Re: Re: Optimizing pg_trgm makesign() (was Re: WIP: Fast GiST index build)

From: Tom Lane <tgl(at)sss(dot)pgh(dot)pa(dot)us>
To: Alexander Korotkov <aekorotkov(at)gmail(dot)com>
Cc: Heikki Linnakangas <heikki(dot)linnakangas(at)enterprisedb(dot)com>, Kevin Grittner <Kevin(dot)Grittner(at)wicourts(dot)gov>, Oleg Bartunov <oleg(at)sai(dot)msu(dot)su>, Teodor Sigaev <teodor(at)sigaev(dot)ru>, pgsql-hackers(at)postgresql(dot)org
Subject: Re: Re: Optimizing pg_trgm makesign() (was Re: WIP: Fast GiST index build)
Date: 2011-09-30 17:08:02
Message-ID: 9144.1317402482@sss.pgh.pa.us
Views: Raw Message | Whole Thread | Download mbox | Resend email
Thread:
Lists: pgsql-hackers

I wrote:
> Alexander Korotkov <aekorotkov(at)gmail(dot)com> writes:
>> Isn't it possible to cache signature of newitem in gtrgm_penalty
>> like gtrgm_consistent do this for query?

> [ studies that code for awhile ... ] Ick, what a kluge.

> The main problem with that code is that the cache data gets leaked at
> the conclusion of a scan.
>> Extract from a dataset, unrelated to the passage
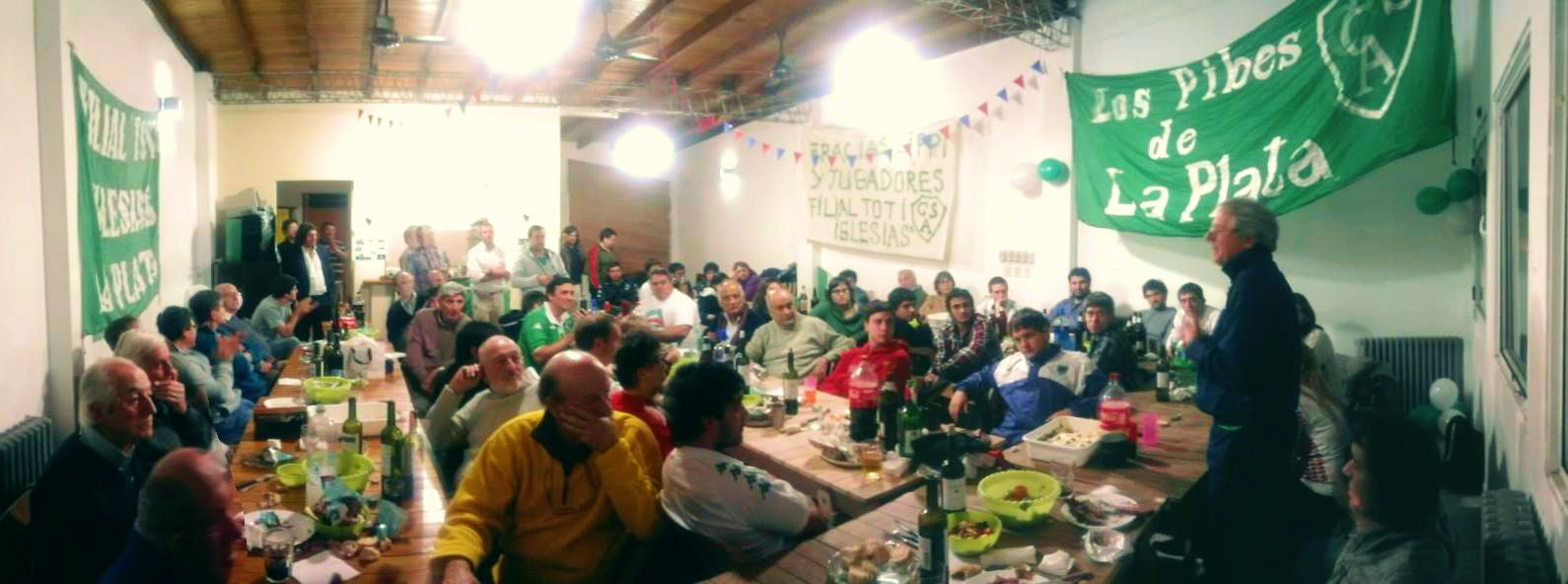 Dinner of the "Toti Iglesias" Branch of the Club Atlético Sarmiento of Junín, in La Plata, June 2013.

Having just seen the consequences of leaking
> the "giststate", I think this is something we need to fix not emulate.

> I wonder whether it's worth having the GIST code create a special
> scan-lifespan (or insert-lifespan) memory context that could be used
> for cached data such as this? It's already creating a couple of
> contexts for its own purposes, so one more might not be a big problem.
> We'd have to figure out a way to make that context available to GIST
> support functions, though, as well as something cleaner than fn_extra
> for them to keep pointers in.

I've been chewing on this for awhile and am now thinking that maybe what
gtrgm_consistent is doing isn't that unreasonable. It's certainly
legitimate for it to use fn_extra to maintain state between calls.
The problem fundamentally is that when a function uses fn_extra to
reference data it keeps in the fn_mcxt context, there's an implicit
contract that fn_extra will survive for the same length of time that the
fn_mcxt context does. (Otherwise there's no way for the function to
avoid leaking that data after it's been called for the last time using
that FmgrInfo.) And GIST is violating that assumption: it resets
fn_extra when it does initGISTstate, but fn_mcxt gets set to
CurrentMemoryContext, which in the problematic cases is a query-lifespan
context that will still be around after the GIST indexscan is concluded.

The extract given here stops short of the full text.